So the renewed commitment to borrowing is a signal that the state governments are behaving the way they should act. The lack of attention paid to essential infrastructure including public hospitals, public schools; public transport; mental health and disability services; water and the environment has created a state of crisis.
Why have they waited so long to realise that state budget deficits funded by debt provides public infrastructure and services which generate enduring benefits beyond immediate users? This enhances productivity and economic growth and creates new employment and apprenticeships.
Government inaction has seen the mentally ill receiving treatment in prison because of a lack of crisis and community care. It has forced young people with brain injuries to live in Commonwealth nursing homes because of a lack of supported state accommodation. The public transport systems are in chaos. Our public schools fail to provide safe and stimulating learning environments for our kids.
Does the private sector get squeezed by state borrowing?
Short answer: No!
The Australian article claims that:
The burgeoning public debt levels have sparked warnings about higher interest rates as the private sector competes for funding as the economy gathers pace.
Australian Chamber of Commerce and Industry director of economics and industry policy Greg Evans pointed to International Monetary Fund research that found rising public debt levels could lead to interest rate rises.
The financial crowding out hypothesis is a central plank in the mainstream economics attack on government fiscal intervention.
At the heart of this conception is the theory of loanable funds, which is a aggregate construction of the way financial markets are meant to work in mainstream macroeconomic thinking. The original conception was designed to explain how aggregate demand could never fall short of aggregate supply because interest rate adjustments would always bring investment and saving into equality.
In Mankiw’s awful macroeconomics textbook, which poisons thousands of young minds daily and is representative of the overall approach taken by my (disgraceful) profession, we are taken back in time, to the theories that were prevalent before being destroyed by the intellectual advances provided in Keynes’ General Theory.
Mankiw assumes that it is reasonable to represent the financial system as the “market for loanable funds” where “all savers go to this market to deposit their savings, and all borrowers go to this market to get their loans. In this market, there is one interest rate, which is both the return to saving and the cost of borrowing.”
This is back in the pre-Keynesian world of the loanable funds doctrine (first developed by Wicksell).

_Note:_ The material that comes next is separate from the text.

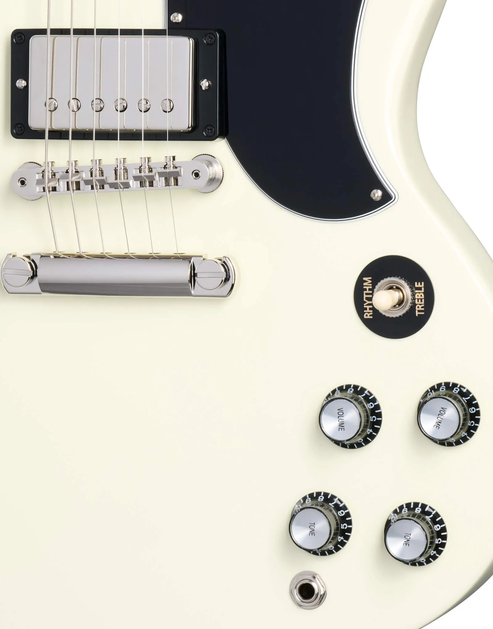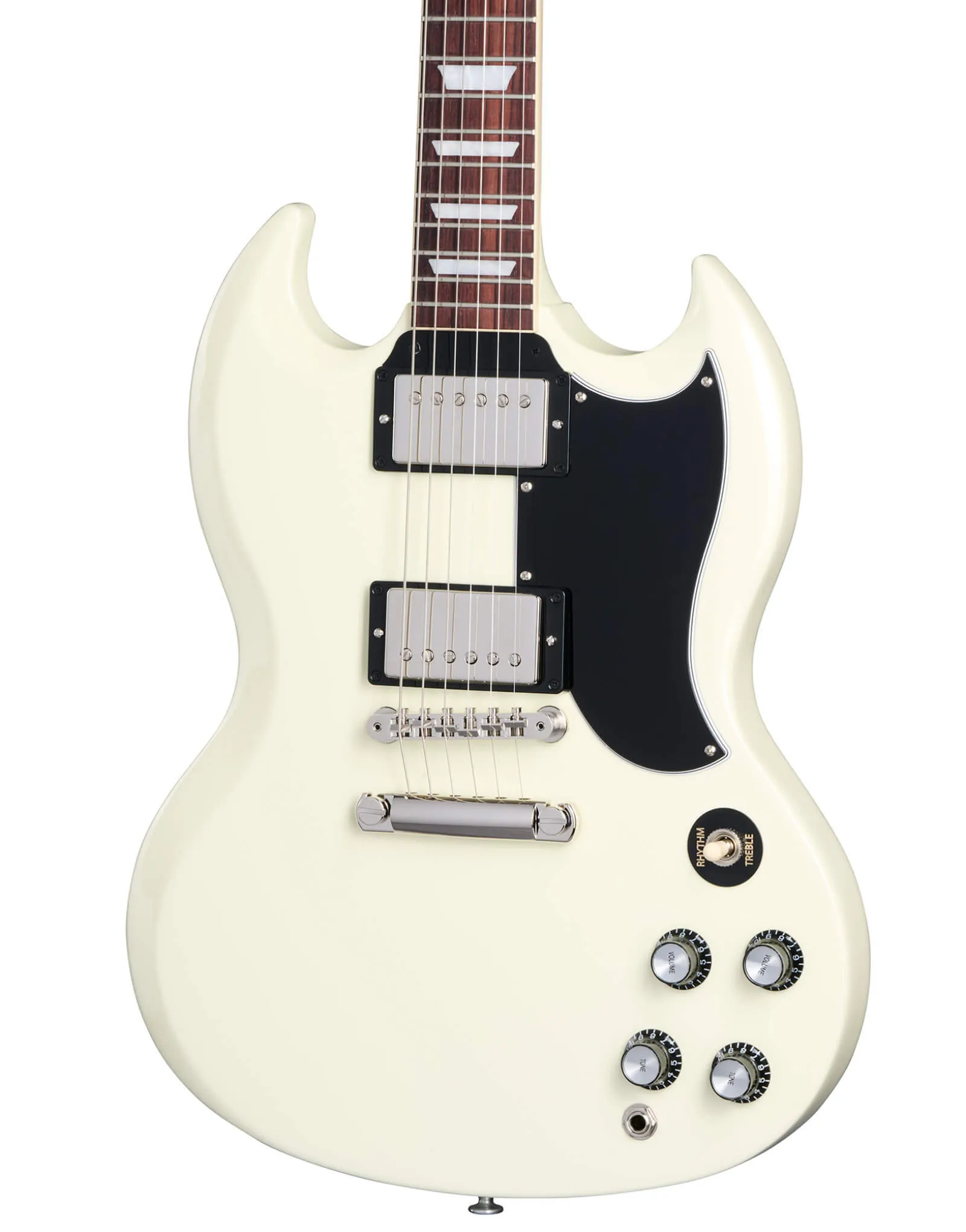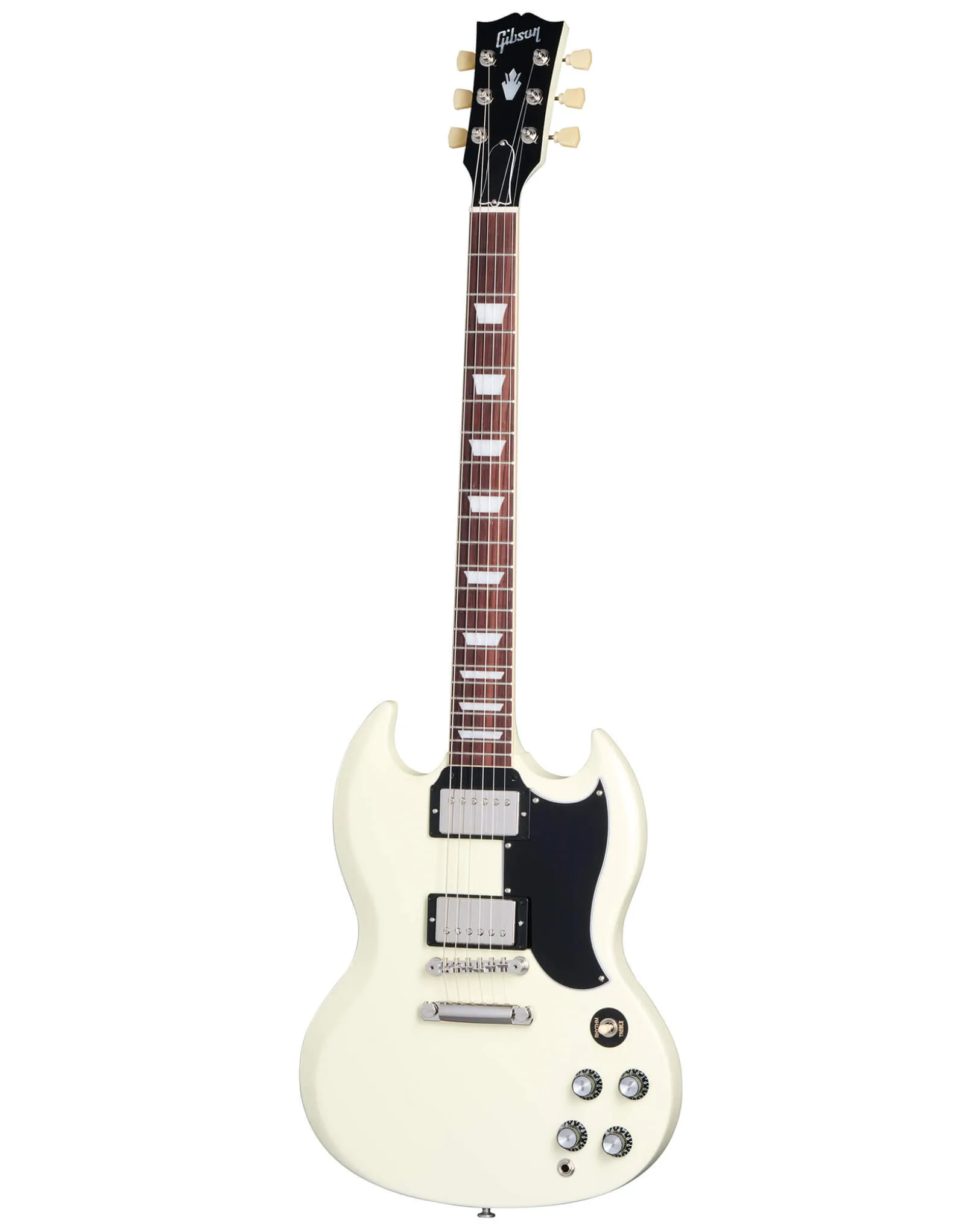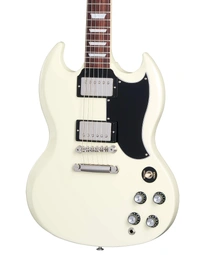 Presenting the Gibson SG Standard '61 Custom Colours Edition in Classic White - a revival of the iconic '61 design that has shaped the sound of countless genres across countless generations. This classic is now available in custom colours, adding a new dimension to its timeless appeal. The SG Standard '61 features a SlimTaper mahogany neck and a bound rosewood fingerboard, ensuring a comfortable and smooth playing experience. The mahogany body is adorned with deeply sculpted body scarfing, a 5-ply teardrop pickguard, and a 22nd-fret neck joint. Equipped with nickel-plated hardware, 60s Burstbucker humbuckers, and audio taper potentiometers, this SG delivers a classic voice with added power and top-end. Complete with a hardshell case, the SG Standard '61 Custom Colours Edition is a true testament to Gibson's timeless craftsmanship.

This doctrine was a central part of the so-called classical model where perfectly flexible prices delivered self-adjusting, market-clearing aggregate markets at all times. If consumption fell, then saving would rise and this would not lead to an oversupply of goods because investment (capital goods production) would rise in proportion with saving. So while the composition of output might change (workers would be shifted between the consumption goods sector to the capital goods sector), a full employment equilibrium was always maintained as long as price flexibility was not impeded. The interest rate became the vehicle to mediate saving and investment to ensure that there was never any gluts.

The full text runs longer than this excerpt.